This course is a brief introduction to discrete mathematics. It
covers core elements of the subject to make the
Data Structures and Algorithms
course accessible to people who have not seen any
significant discrete mathematics before.
In particular, it covers topics which are covered in Part IA
which are useful for the Data Structures and Algorithms course.
Lectures
Common mathematical notation.
Sets, tuples, functions.
Relations (e.g. telephone directory) and Graphs (e.g. air routes).
Induction.
Combinations and permutations.
O(f) notation, sorting as example.
Objectives
At the end of the course students should
be familiar with the mathematical notation used in several areas of
discrete mathematics
be able to find O(f) notation representations of the
growth rates of functions defined by certain recurrence relations
be able to construct mathematical proofs involving induction
be familiar with set notation and how to reason about sets and
relations over sets
Recommended books
For many people the best advice is simply to read the books in the
Data Structures and Algorithms course. The
book
Lipschutz, S. (1976). Schaum's outline of theory and problems of discrete mathematics. McGraw-Hill.

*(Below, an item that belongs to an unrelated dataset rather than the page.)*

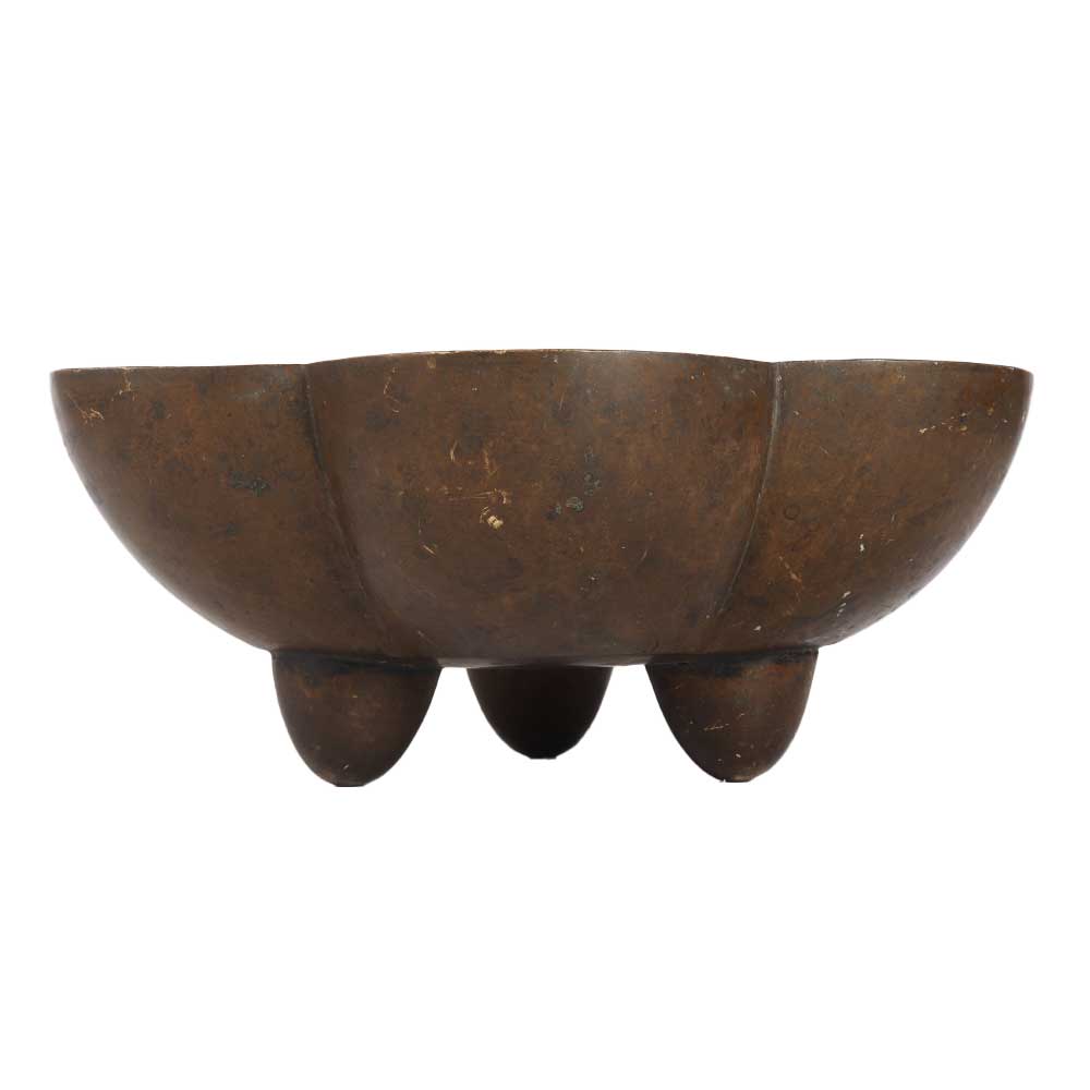 A bowl in the shape of a flower with three stands to hold it on the surface. It has an antique brown finish with beautiful floral engravings that make it eye-catching for decoration and vintage collection. A vintage brass bowl that can be used as a fruit bowl in your home, restaurant or hotel. Decorate your home with this exquisite decorative piece or display this piece in your collection or exhibition. Buy this brass bowl online that is made of the best brass to leave a long lasting impression. Being handcrafted by professional artisans from India, it adds an aesthetic touch to your home decor. Gift this brass bowl to your family, friends or relatives on special and festive occasions.

has a good ``solved problems'' approach which may be useful for students
who have not seen discrete mathematics before.
Those who would like to know much more about discrete mathematics
can try:
Stanat, D.F. & McAllister, D.F. (1977). Discrete mathematics in
computer science. Prentice-Hall.
Mattson, H.F. Jr (1993). Discrete mathematics with applications.
Wiley.
Skvarcius, R. & Robinson, W.B. (1986). Discrete mathematics with
computer science applications. Benjamin/Cummings.
Graham, R.L., Knuth, D.E. & Patashnik, O. (1989). Concrete
mathematics. Addison-Wesley.